We gave prudent nods. “So she’s desperate.”
Mitchell ignored us. “Can you imagine?” he said. One of his hands began absently to pull at his hair. “She’s a walking worst-case scenario. How does she get out of bed?”
We murmured halfhearted words of concern, but it was too late. We’d lost him. He stood up, shaking his head, and walked out of the dining hall, into the cold night.
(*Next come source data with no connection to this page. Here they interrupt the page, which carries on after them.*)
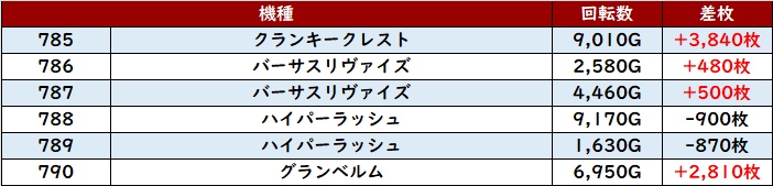 回転数11,460G且つ差枚数+9,480枚を叩き出す台もあり、こちらからも凄まじい熱量が感じられた。
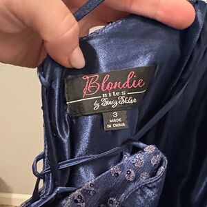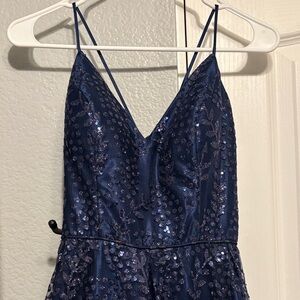 Elegant navy blue dress with vine like sequin embellishments. Spaghetti straps that adjust and fitted bodice. Corset tie back. Perfect for prom night.
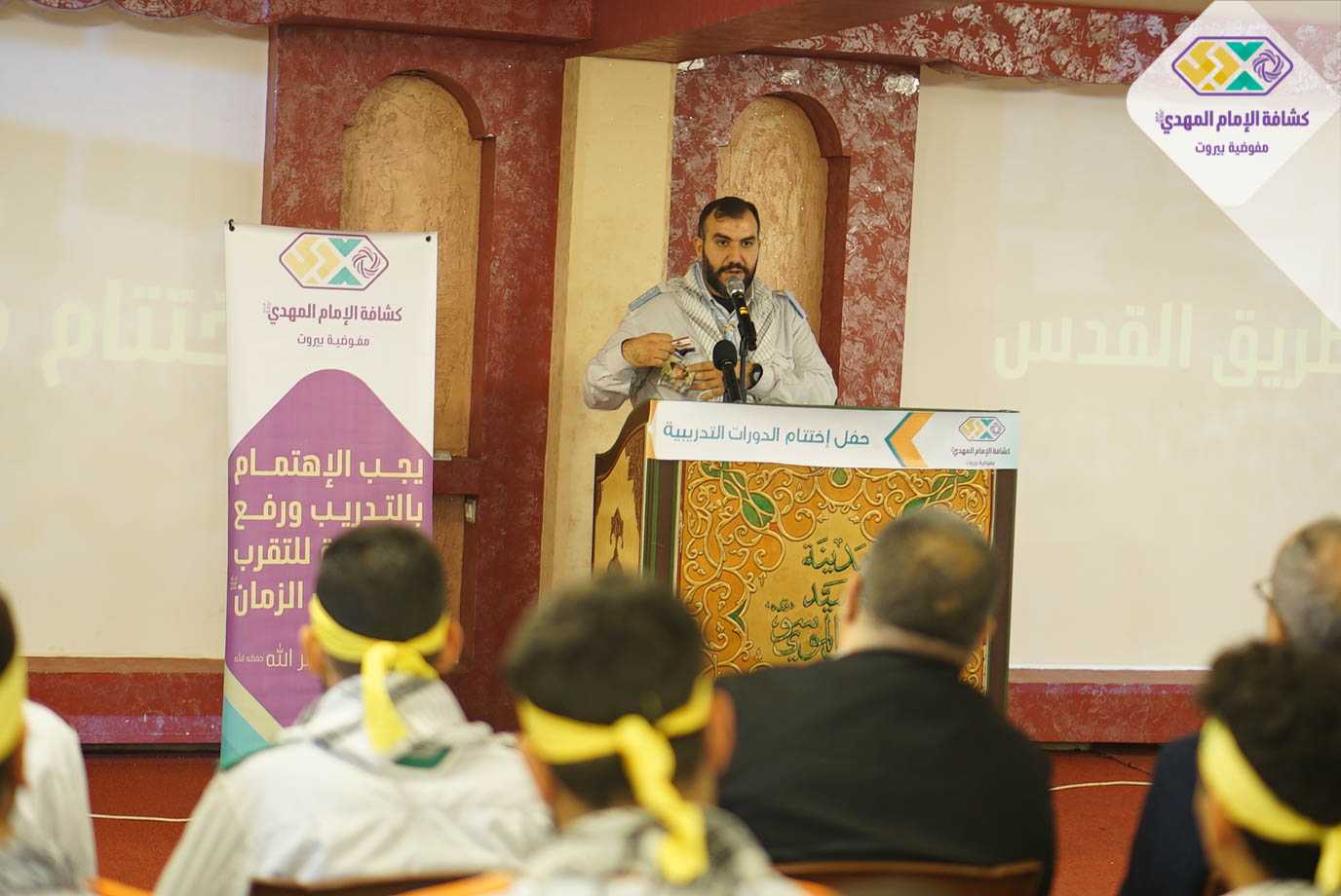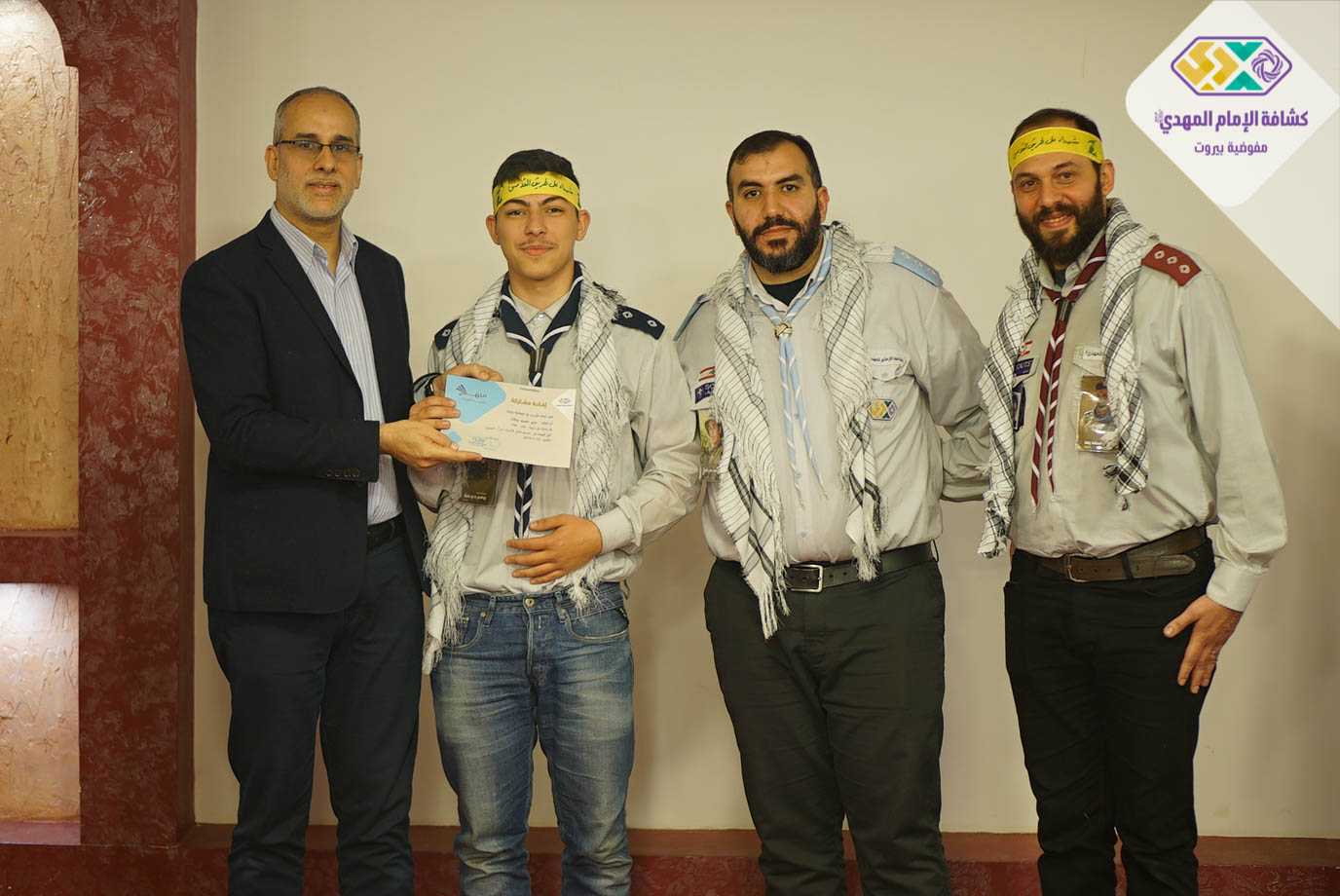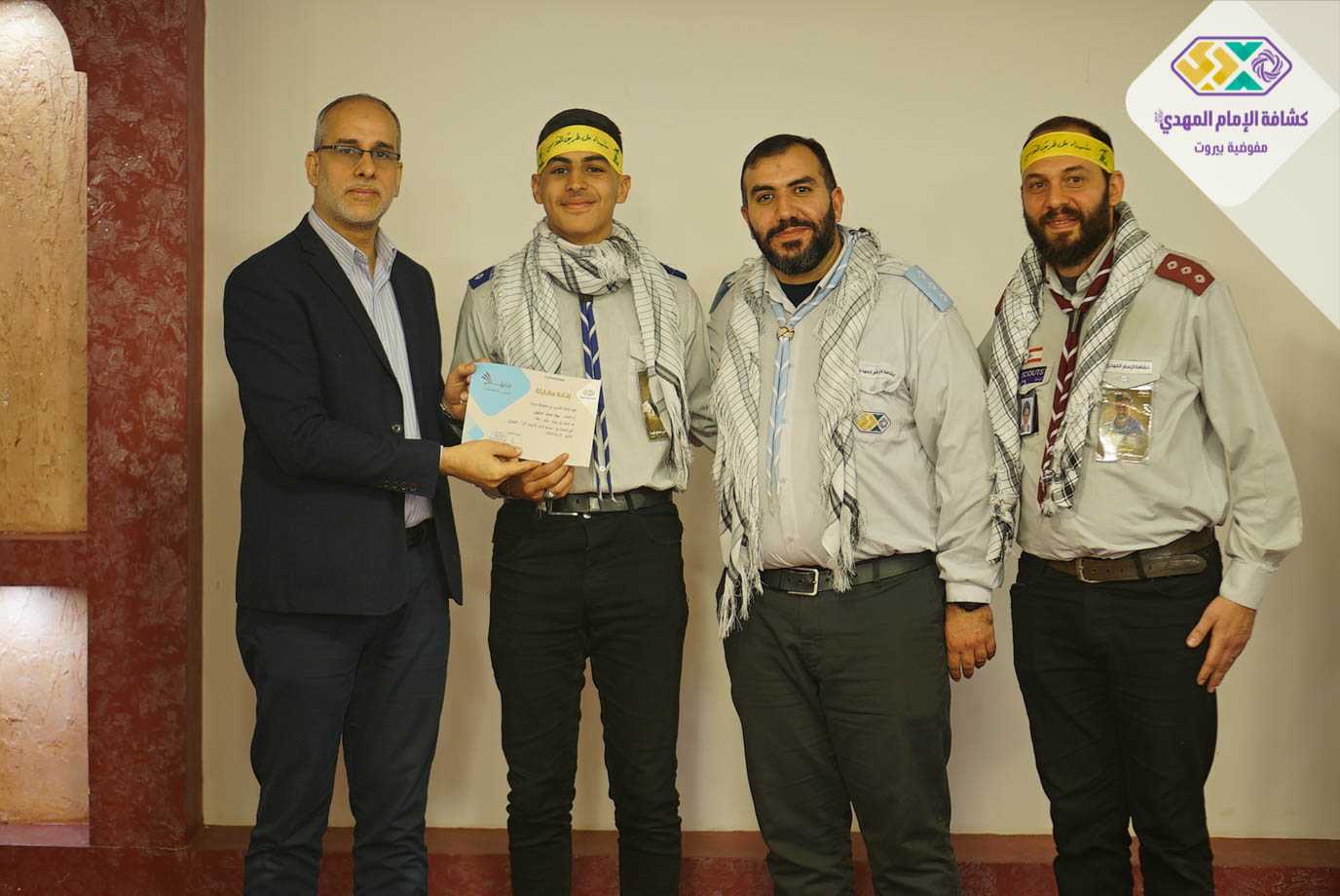 برعاية وحضور مسؤول منطقة بيروت السيد حسين فضل الله، اختتمت مفوضية بيروت دفعتها التدريبية على طريق القدس والتي ضمت عشر دورات بمشاركة ٣٠٠ قيادي ومتدرب ،حيث نفذ لهم مبيت كشفي في مدينة السيد عباس الموسوي- رياق وكان مسك الاختتام حفل مهيب استهلّ بقراءة القرآن الكريم والنشيدين وكلمة ترحيبية لقائد المخيم وتقرير مصور عن الدفعة وبعدها كلمة لراعي الحفل أكد على أهمية التدريب للقادة الكشفيين ونوه بجهود مفوضية بيروت واختتم الحفل بتوزيع الافادات على المجليين في العشر دورات حيث نالو زيارة تكريمية الى مقام السيدة زينب (ع) وتم سحب قرعة لزيارة الى المقامات المقدسة في العراق.
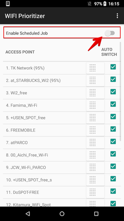 如果关闭应用程序顶部屏幕上的“启用预定作业”开关,该功能将被禁用,并且连接目的地将不会切换。
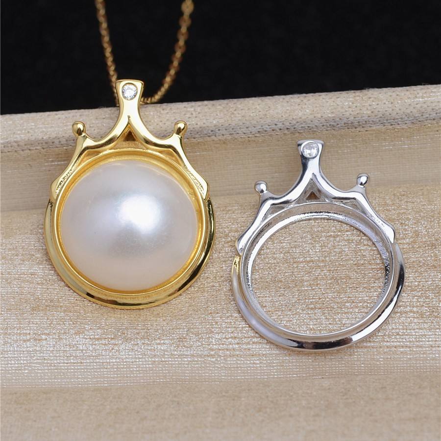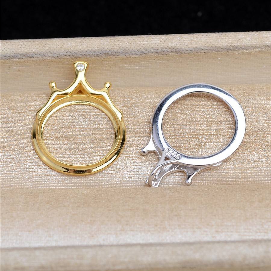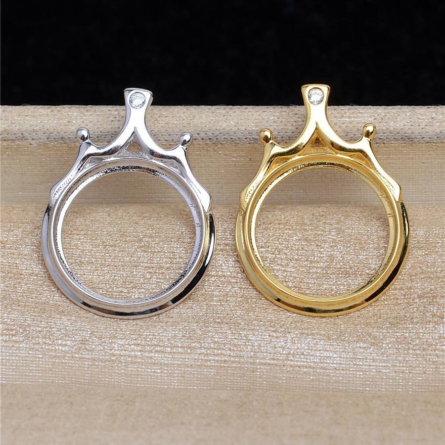 S925 Silver 15.3mm Marble Pearl Hollow Crown Semi Finished DIY Tray 5492 for Jewelry Findings & Components
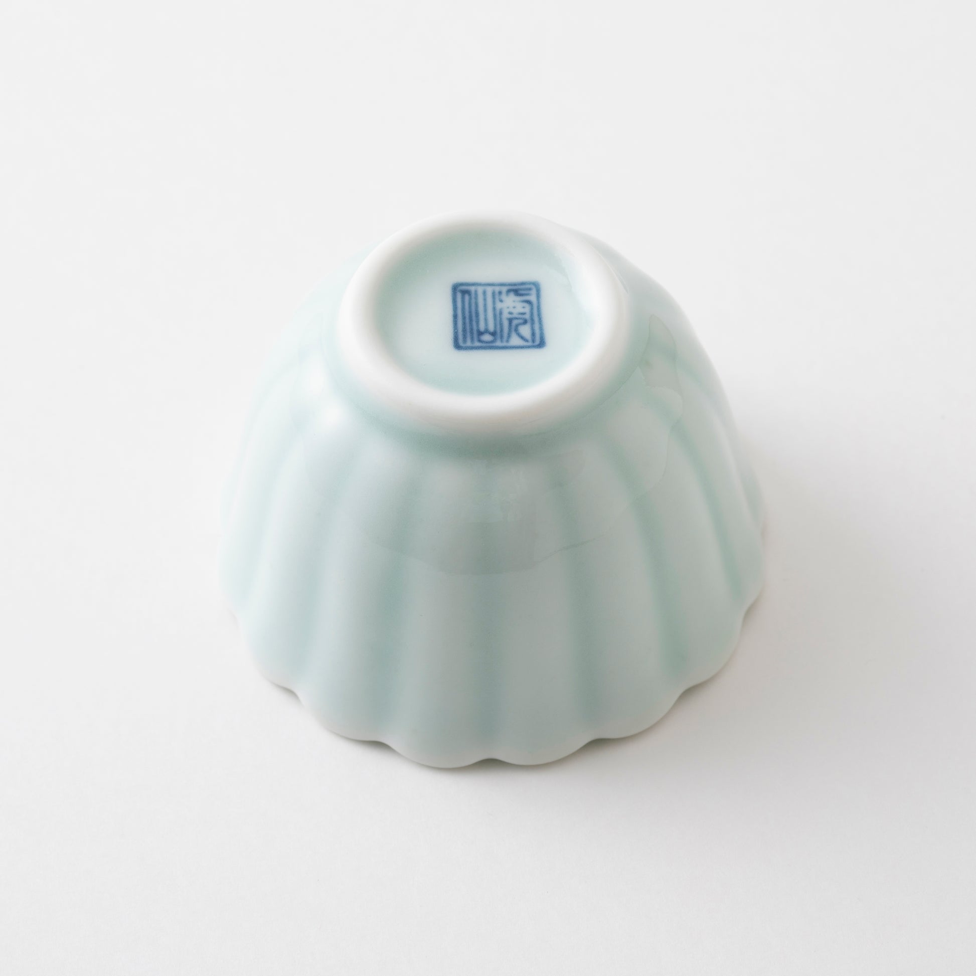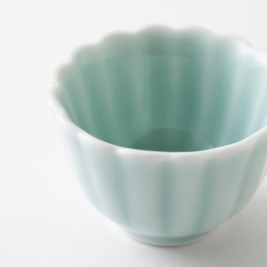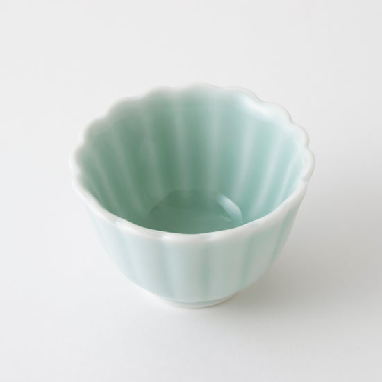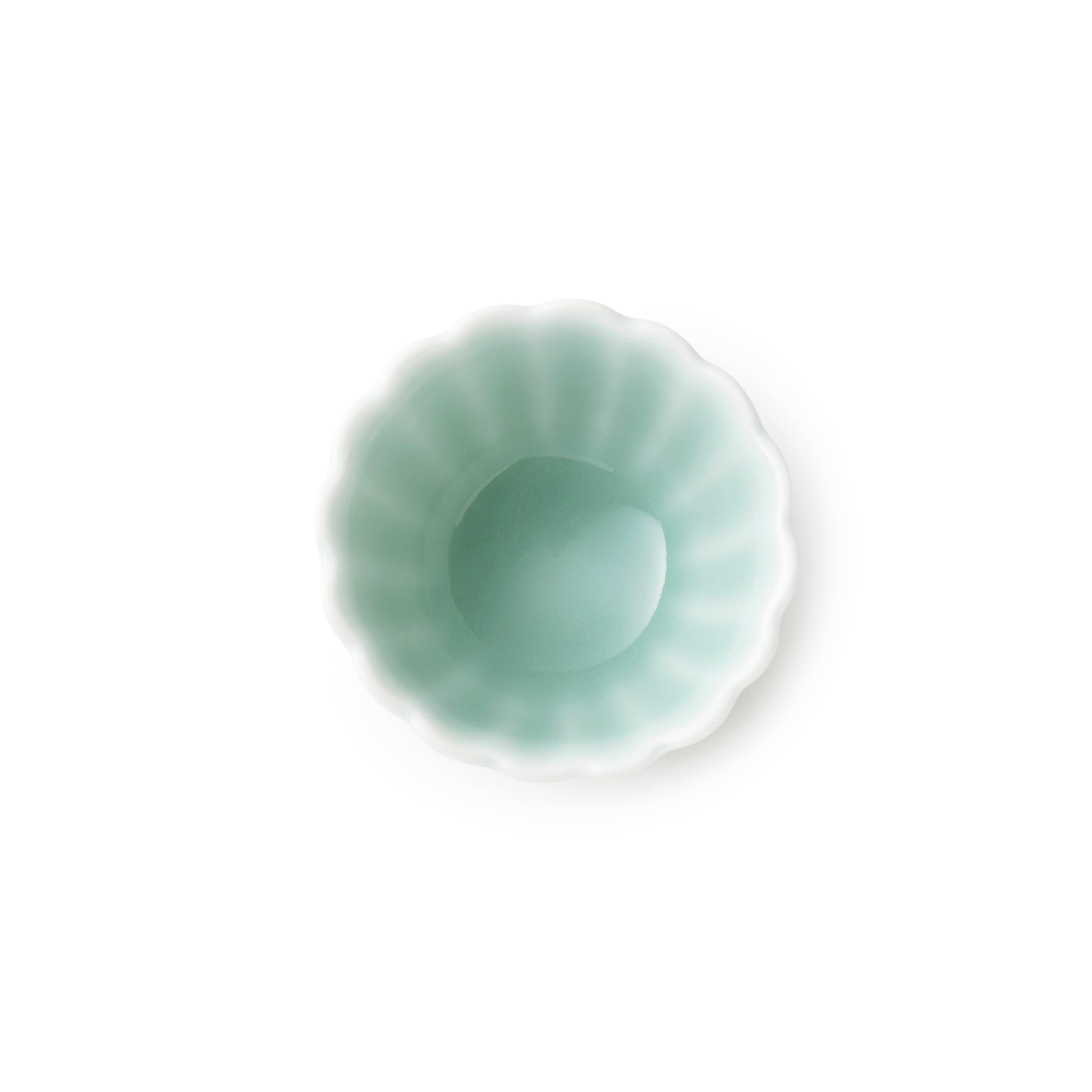 • 青磁釉で覆われた翡翠のように美しい菊型の豆皿です。
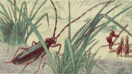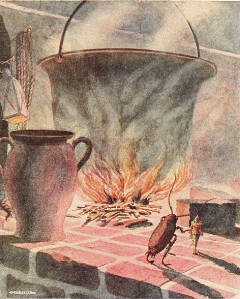 Nowhere was there a sign of the former life, or its delightful charm. They sadly returned to their home, wet and cold, where the Wood-bug awaited them. When he finally espied them, he shuffled about on his six feet, nodded with his whiskers and aired his wing shells, until he found courage to speak.

Mitchell must have thought about Elsa Bruner often, but I don’t recall that he mentioned her again, and I know he never talked to her until the day of the earthquake. I also know that he never returned to the Student Health Service.
*   *   *
The lecture hall was nearly empty when the two paramedics arrived. Elsa was sitting up in her chair, her hand on her heart. Mitchell’s hand was on his heart too. He was having pains.
“How do you feel?”
She didn’t appear to hear him. There was a quavering, absent curl to her lips. “It happened again.”
She closed her eyes.
“Elsa?”
“I’m only resting,” she said, blinking. “It’s over now.”
She tried to wave the paramedics away, but they ignored her and slapped a blood pressure cuff around her arm. They scanned her student ID into a black machine that resembled a credit card reader. A buzzer sounded and a red light flashed. This seemed to alarm them.
“Ms. Bruner? We need to take you to the hospital. Are you able to walk?”
She nodded and rose stiffly from her seat.
“Do I know you?” she asked Mitchell.
He shook his head and introduced himself.
“I’m sorry you’re … sick.”
“You didn’t do it.” She pointed to her heart. “I did. I did it all by myself.”
The two paramedics, each holding one of her tiny elbows, escorted her from the hall.
On the screen a section of the Alaskan Way Viaduct, clogged with morning commuter traffic, collapsed. The giant concrete slab dropped twenty feet, shattering on the pavement below like a pane of glass. The cars bounced like dice.
*   *   *
When we graduated in June, the panic raised by the Puget Sound earthquake had become part of us. It was slapped across our faces like a birthmark. We were dubbed Generation Seattle. Both the best and the worst suddenly seemed possible. Elsa Bruner, I learned, had dropped out and started a cooperative farm in Maine. Mitchell, like so much of our class after Seattle, moved to New York for a financial consulting job. We fell out of touch. I never saw him again, at least not in the flesh. I wish I could say that we’d been the best of friends, but today I consider myself lucky to have known him at what, I now realize, was a crucial stage in his development.
To tell the truth, I was as shocked as everyone else when I found out what happened to Mitchell Zukor.